# 2014 Canadian MO Problems/Problem 2

## Problem

Let $m$ and $n$ be odd positive integers. Each square of an $m$ by $n$ board is coloured red or blue. A row is said to be red-dominated if there are more red squares than blue squares in the row. A column is said to be blue-dominated if there are more blue squares than red squares in the column. Determine the maximum possible value of the number of red-dominated rows plus the number of blue-dominated columns. Express your answer in terms of $m$ and $n$.

## Solution

This problem needs a solution. If you have a solution for it, please help us out by adding it. Answer: $\frac{2m+n-1}{2}$. Without losing of generality, $m \geq n$ and $m=2k+1$, $n=2l+1$. For a column with m cells to be blue-dominated, at least $k+1$ cells have to be blue. Similarly, for a row with n cells to be red-dominated, at least $l+1$ have to be red. So, we divide $m$ by $n$ rectangle: $k+1$ by $l$, $k+1$ by $l+1$, $k$ by $l+1$ and $k$ by $l$. We look at the rectangle $k+1$ by $l$, it has most $y$ blue-dominated columns, so we paint the rectangle $k+1$ by $l$ blue.
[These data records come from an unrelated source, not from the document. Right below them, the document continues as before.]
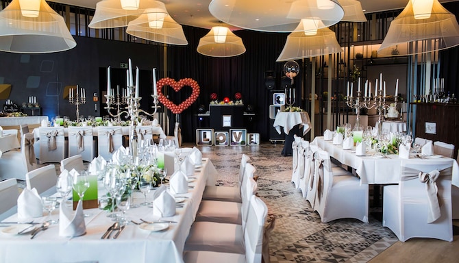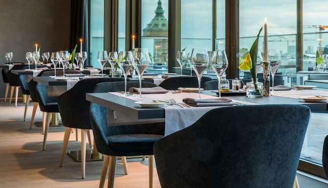Enjoy local and international dishes while admiring superb views of the city from the stylish Restaurant SQUARE, located on the 6th floor. During the day, unwind with one of our coffee specialties and delicious cakes and bagels at Café BRUE. In the evening, excellent drink and snack options are offered in our ROOF Bar, which is also located on the 6th floor.
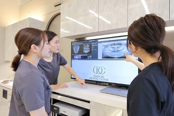 インプラント治療を成功させるために大切なのは、治療が終わった後も定期検診に必ず通っていただくことです。円町たけち歯科クリニックでは、定期検診の時にお口のクリーニングを行なっています。プロの行うクリーニングは、歯周病予防に必須です。インプラントだけでなく、ご自身の歯も長持ちさせるために、ぜひ定期検診にもお越しください。
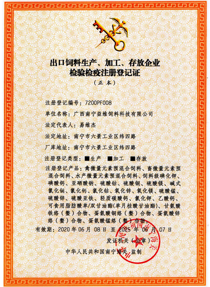 益維—出口飼料生產(chǎn)加工存放企業(yè)檢驗檢疫注冊登記證
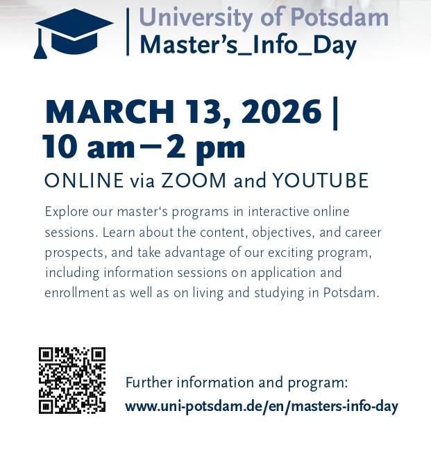 Vous envisagez un Master à l'étranger ? Notre partenaire allemand au sein de l'alliance EDUC, l’Université de Potsdam, organise sa première journée d'information virtuelle le 13 mars 2026. Découvrez une large offre de formations en anglais et en allemand depuis chez vous.

Now, we look at the rectangle $k+1$ by $l+1$. It has most $k+1$ red-dominated rows $(k \geq l)$. So, we paint the rectangle $k+1$ by $l+1$ red. If we look at the rectangle $k$ by $l+1$ and paint it in blue, it cannot be blue-dominated, so we paint it red. Now, we have $2k+l+1$ dominated rows and columns. It is not necessary to look at the rectangle $k$ by $l$, it cannot be dominated no matter how we paint it. We have $2k+l+1= \frac{2m+n-1}{2}$ dominated rows and columns.